Mathematically, to scale up the effect of “being 23% more likely to be transplanted within a month” to the effect of “being 100% more likely to be transplanted within a month” (i.e. of being transplanted within a month vs not being transplanted within a month) is equal to

\[\frac{\textrm{Effect of AB vs O on death in 1 year}}{\textrm{Effect of AB vs O on transplantation in 1 month}} = \frac{-0.07}{0.23} = -0.3\]

That is, being transplanted within 1 month decreases the chance of death within 1 year by 30%!

It is important to note that since we are estimating the effect of changes in the treatment that were caused by the instrument only (rather than the effects of arbitrary changes in the treatment), the instrumental variables treatment effect estimate is not for the entire population, but only for those who are influenced in some way by the instrument (the “compliers”). Thus this estimate is called the Local Average Treatment Effect (LATE).

The estimator above is often referred to as the Wald estimator and can be written as

\[\textrm{Wald estimator} = \frac{\textrm{Cov(outcome, instrument)}}{\textrm{Cov(treatment, instrument)}}\]

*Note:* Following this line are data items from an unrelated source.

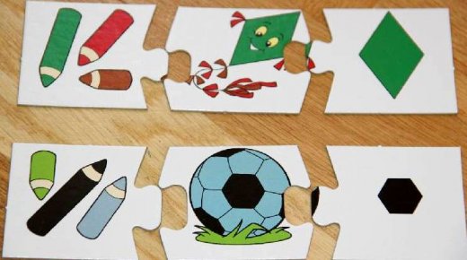 Развивающая игра Цвета и формы – это весьма увлекательное и познавательное занятие для ребенка. Эта игра предполагает участие нескольких детей и ведущего-взрослого. Но дети постарше, усвоив простые правила, смогут играть и самостоятельно. Настольная игра "Цвета и формы" совмещает в себе, возможности игры головоломки и учебного пособия, составленного на основе современных методических программ дошкольного воспитания. Игра способствует обучению ребенка основным цветам и их оттенкам, основным формам, а также таким важным понятиям как большой или маленький (больше, меньше). Игра состоит из картонных карточек, каждая из которых разделена на 3 элемента. На первом изображены карандаши трех цветов, на втором - изображение, включающее три цвета карандашей, а также одну форму, являющуюся частью рисунка, на третьем - сама форма, имеющая тот же цвет, что и на рисунке.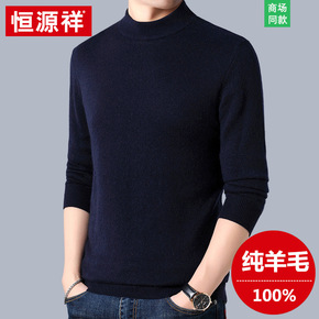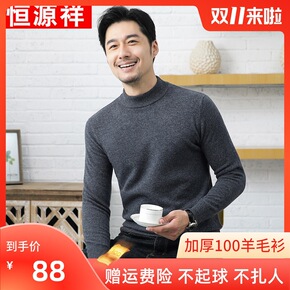 恒源祥羊毛衫男半高冬季加厚保暖中年纯色打底衫圆领套...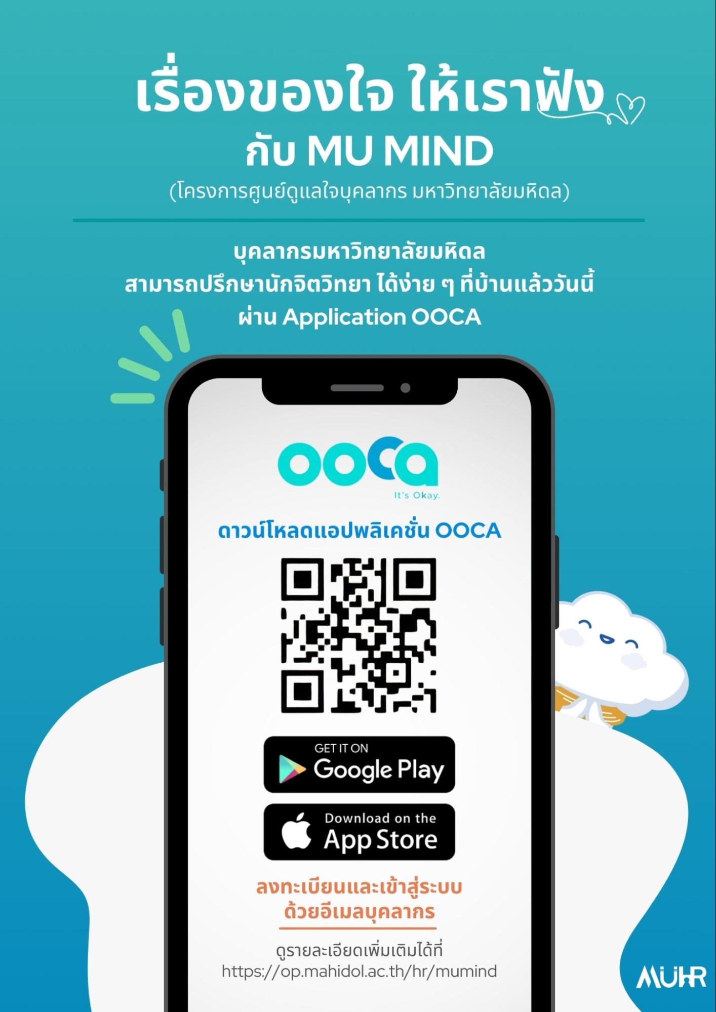 Mahidol University has introduced two key initiatives to support mental well-being within its community. The first, the Personnel Mindfulness Center Project (MU MIND) , promotes staff mental health through an online platform accessible via the “OOCA” application, offering counseling and support related to burnout, stress management, workplace conflict, and general mental health.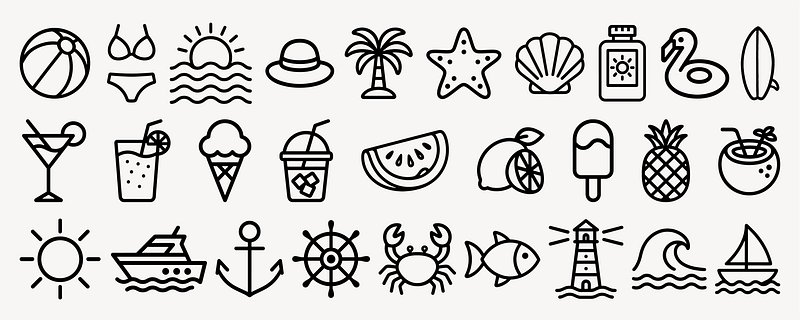 Summer icons beach vacation fun vector set https://www.rawpixel.com/image/25714148/summer-icons-beach-vacation-fun-vector-setView license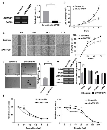 A distribution pattern of AGTPBP1 expression in diverse normal tissues obtained from HPA [36] revealed that the mRNA expression level of AGTPBP1 was higher in lung tissue and in bone marrow, cerebral cortex, granulocytes, and testis, as compared to that in other tissues (Supplementary Figure S1). To assess the role of AGTPBP1 in lung cancer cell, we interfered AGTPBP1 expression in A549 cells using AGTPBP1-targeted shRNA. RT-PCR analysis confirmed that shAGTPBP1 treatment decreased AGTPBP1 expression by approximately 80% (Figure 1a). We compared cancer cell growth between control and AGTPBP1-silenced A549 cells for five days. The number of surviving cells was significantly increased by AGTPBP1 knockdown at days 2, 3, 4, and 5 (Figure 1b). Cell migration assay revealed that the wound closure rate was significantly higher in AGTPBP1-silenced A549 cells at 24, 48, and 72 h (Figure 1c). In addition, the spheres formed by AGTPBP1-silenced cells were larger than those formed by control cells (Figure 1d). As sphere formation reflects the self-renewal capacity of tumor cells, we analyzed stemness marker genes, SOX2, OCT4, NANOG, and c-MYC. Among these, SOX2 and NANOG were significantly upregulated in AGTPBP1-silenced A549 cells, as compared to control, whereas no differential expression of OCT4 and c-MYC was observed between AGTPBP1-silenced cells and control cells (Figure 1e). Moreover, drug resistance of AGTPBP1-silenced A549 cells was intensified by treatment with the two commonly used cancer chemotherapeutic drugs, doxorubicin and cisplatin (Figure 1f). Overall, knockdown of AGTPBP1 enhanced the oncogenic characteristics, including proliferation, migration, self-renewal, and drug-resistance, of A549 lung cancer cells, suggesting that AGTPBP1 had a tumor-suppressing ability and could modulate the progression of LUAD.
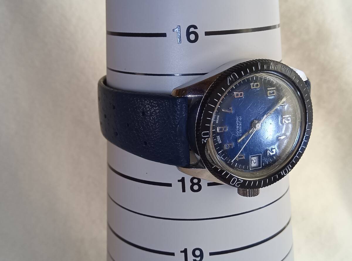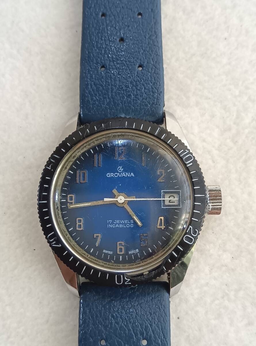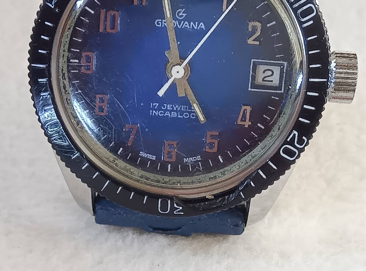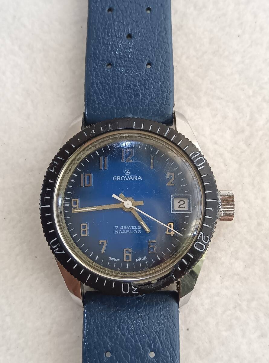 GROVANA ダイバータイプ 手巻 17石 メンズ ブルー文字盤 稼働品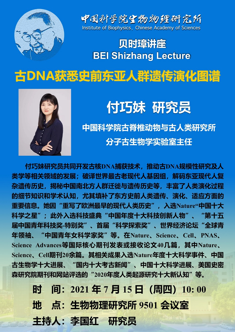 2021年7月15日上午10:00 贝时璋讲座报告:古DNA获悉史前东亚人群遗传演化图谱

In practice, IV is often implemented in a two-stage lease squares (2SLS) procedure that can be shown quite easily to be equivalent to the Wald estimator in simple cases (i.e. when not adjusting for other variables).

Resources

The resource that I found to be most useful was Chapter 10.5 of Andrew Gelman and Jennifer Hill’s book Data Analysis Using Regression and Multilevel/Hierarchical Models
The series of YouTube videos by Ben Lambert were also really helpful https://youtu.be/NLgB2WGGKUw

Notes

It turns out that you can quantify sickness in the context of liver transplantation using something called the MELD score (model for end-stage liver disease score). But even if we know current MELD score, future MELD score will still be a confounder since if your MELD rapidly increases then you are getting sicker faster and will be transplanted sooner.
If there is anything that is unclear in this post, please feel free to ask questions in the comments section so that I can improve it.